(Items from a dataset)
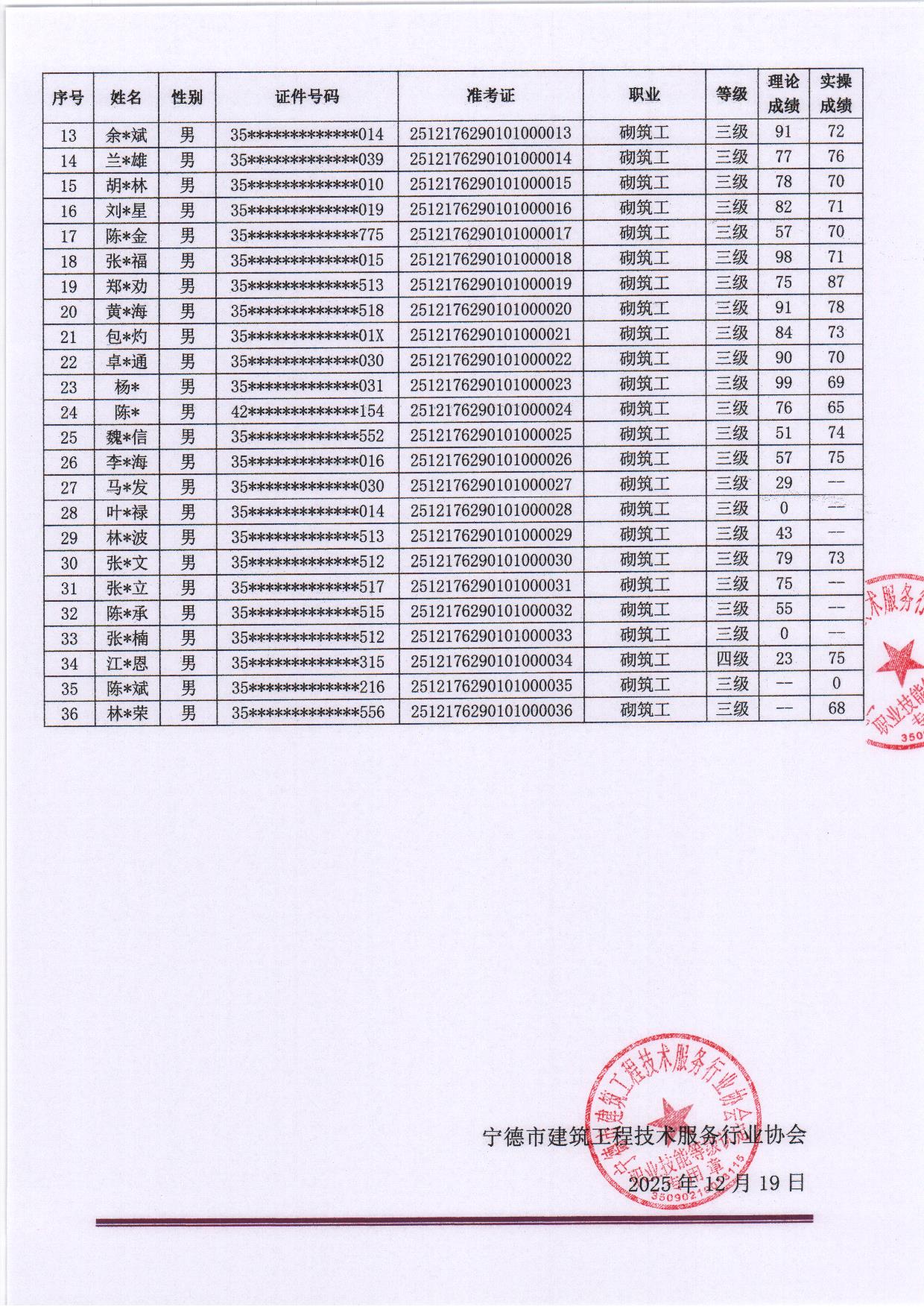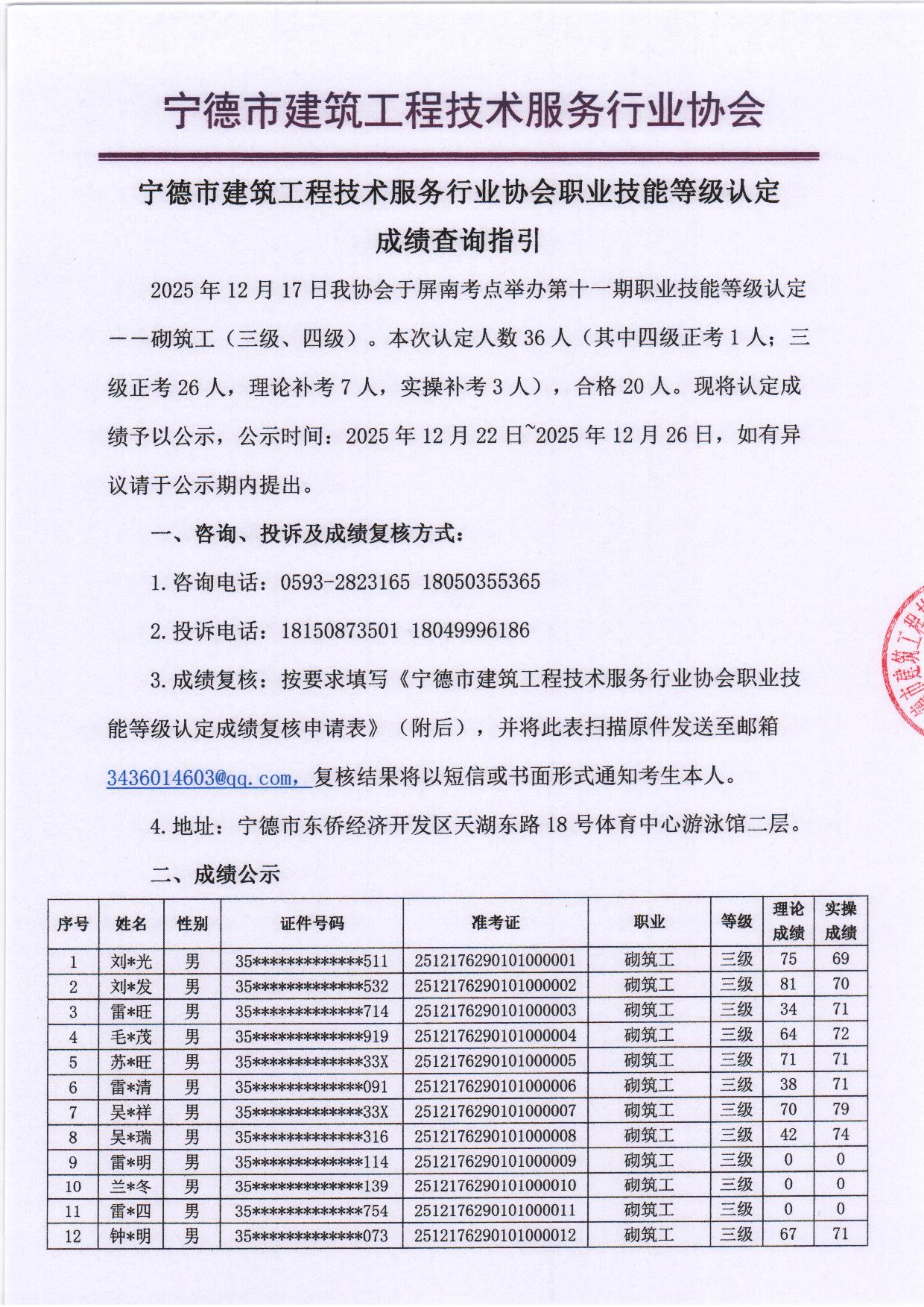 2025年12月17日第十一期砌筑工(三级、四级)职业技能等级认定成绩公示
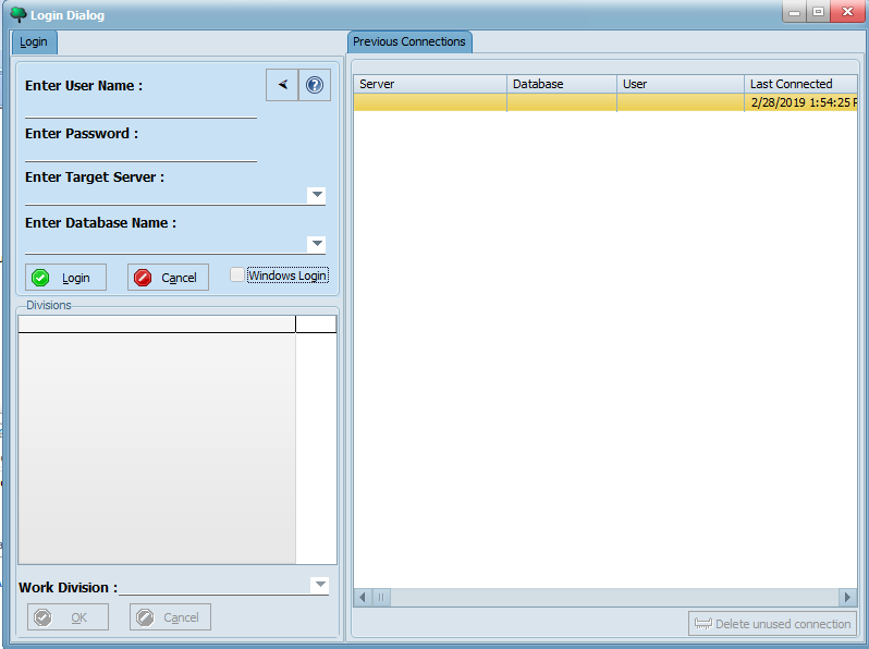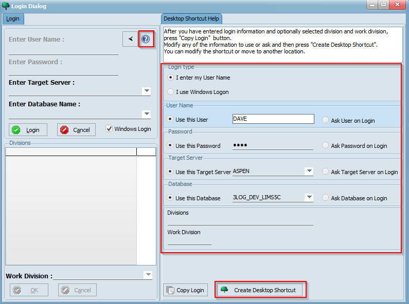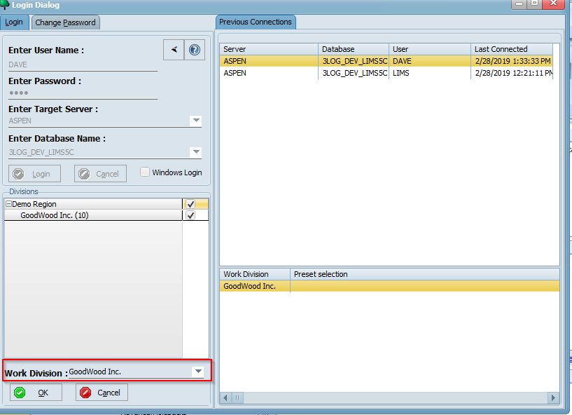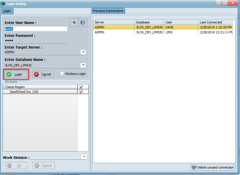 If your organization uses Windows authentication, ensure that the Windows Login option is checked (the Enter User Name and Enter Password field will then be disabled). Otherwise, enter the username and password provided by your LIMS administrator into the corresponding fields. Then, select or enter your LIMS server and database using the Enter Target Server and Enter Database fields. Now, click the Login button and select your division(s):
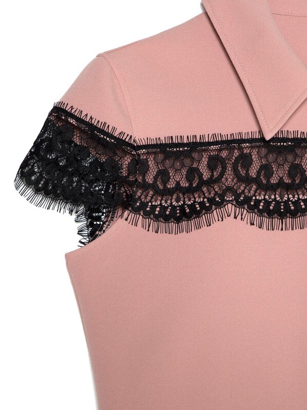 Платье приталенного силуэта с фактурным кружевом LPL 1038 - прекрасный вариант для дневного образа и офисного гардероба.
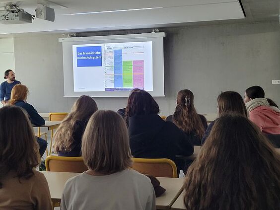 Am Nachmittag empfing das Büro für internationale Beziehungen die Schülerinnen und Schüler und informierte über Studienmöglichkeiten für zukünftige Abiturientinnen und Abiturienten. Dabei wurden unter anderem die Deutsch-Französische Hochschule und der Eurocampus vorgestellt, die bi-nationale Studiengänge und Austauschprogramme anbieten.
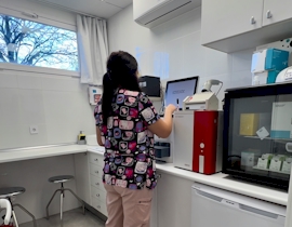 donde se realizan análisis de sangre, análisis de orina y estudios microscópicos (citologías, tricografías, frotis,... etc) en el acto.
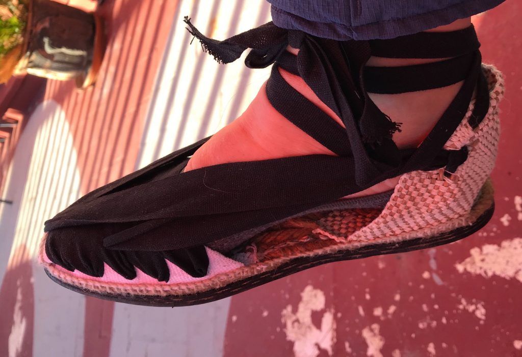 Dazu passend habe ich in einem Laden neben unserem Vereinshaus traditionell handgemachte katalanische Espardenyas (Schuhe aus Espartogras) gekauft:

Exercise details - Reproduce, word for word, the lines from the one containing "Платье приталенного силуэта" through the final line above. Leave every picture out.

Response -
 Платье приталенного силуэта с фактурным кружевом LPL 1038 - прекрасный вариант для дневного образа и офисного гардероба.
 Am Nachmittag empfing das Büro für internationale Beziehungen die Schülerinnen und Schüler und informierte über Studienmöglichkeiten für zukünftige Abiturientinnen und Abiturienten. Dabei wurden unter anderem die Deutsch-Französische Hochschule und der Eurocampus vorgestellt, die bi-nationale Studiengänge und Austauschprogramme anbieten.
 donde se realizan análisis de sangre, análisis de orina y estudios microscópicos (citologías, tricografías, frotis,... etc) en el acto.
 Dazu passend habe ich in einem Laden neben unserem Vereinshaus traditionell handgemachte katalanische Espardenyas (Schuhe aus Espartogras) gekauft:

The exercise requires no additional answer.